People ask you what you’re going to do with your major constantly.
“Soooo.. Law school right?” Listen we have no idea what we want to do after college yet, but law school definitely isn’t the only option for us. Political science is a broad field and we shouldn’t all be boxed into the Elle Woods category.
You’ve had that one class that has made you rethink your entire stance on politics.
You walked into class on the first day of the semester thinking you were a die hard conservative Republican. On the last day, you found that you were a bit (maybe even a lot…) more liberal than you thought. Political science classes don’t teach you what to think, they teach you how to think. This can sometimes really open a poli sci student’s eyes to different viewpoints and opinions.

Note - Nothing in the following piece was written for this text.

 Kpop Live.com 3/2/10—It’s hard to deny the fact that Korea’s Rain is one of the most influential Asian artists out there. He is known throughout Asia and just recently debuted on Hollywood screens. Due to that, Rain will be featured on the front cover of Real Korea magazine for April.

Your Facebook is filled with shared political articles.
Let me scroll down my wall really quickly… “Bernie Sanders tops Hillary Clinton by 2-to-1 Margin in New Hampshire.” Shared. “Donald Trump Vows to Ban All Canadians from Entering U.S.” Shared. “Vampire Weekend Will Perform at a Bernie Sanders Rally in Iowa Tonight? Whaaaat?" Shared. Shared. Shared.

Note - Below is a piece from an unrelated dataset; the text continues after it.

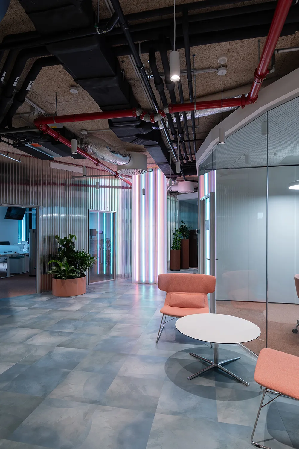 Ennek ellenére a tér bizonyos értelemben konzervatív, hiszen mindennapi munkavégzést is szolgálnia kell. Helyet kapott három cellásan kialakított igazgatói iroda, egy egybefüggő Open Office tér, négy tárgyaló, amiből a legnagyobb tovább osztható, és további, a működést biztosító kisebb terek, raktárak. Mivel mindez a megszokott funkciómix szabad geometriai elrendezésben kapott helyet, így a terv annyiban változtatott a hazai irodaépítészet bevett modelljén, hogy sokkal több átlátás jött létre benne.

You force your roommate to watch debates with you like they’re sitcoms.
“What do you meeeean you’d rather watch the Bachelorette?”
You bond with your poli sci peers about House of Cards and Scandal.
Okay, let’s be honest… Who isn’t in love with Frank Underwood? We idolize him. We want to be him. And Olivia Pope? We know she’s meant to end up with President Fitz. Even though, realistically, the Hill down in Washington is certainly not this dramatic and steamy, we eat these dramas up. These shows are our guilty pleasures.
You hate hearing people say, “I’m not into politics.”
“Not into politics?! Absurd.”
…but you hate hearing people who know nothing about politics make rash statements even more.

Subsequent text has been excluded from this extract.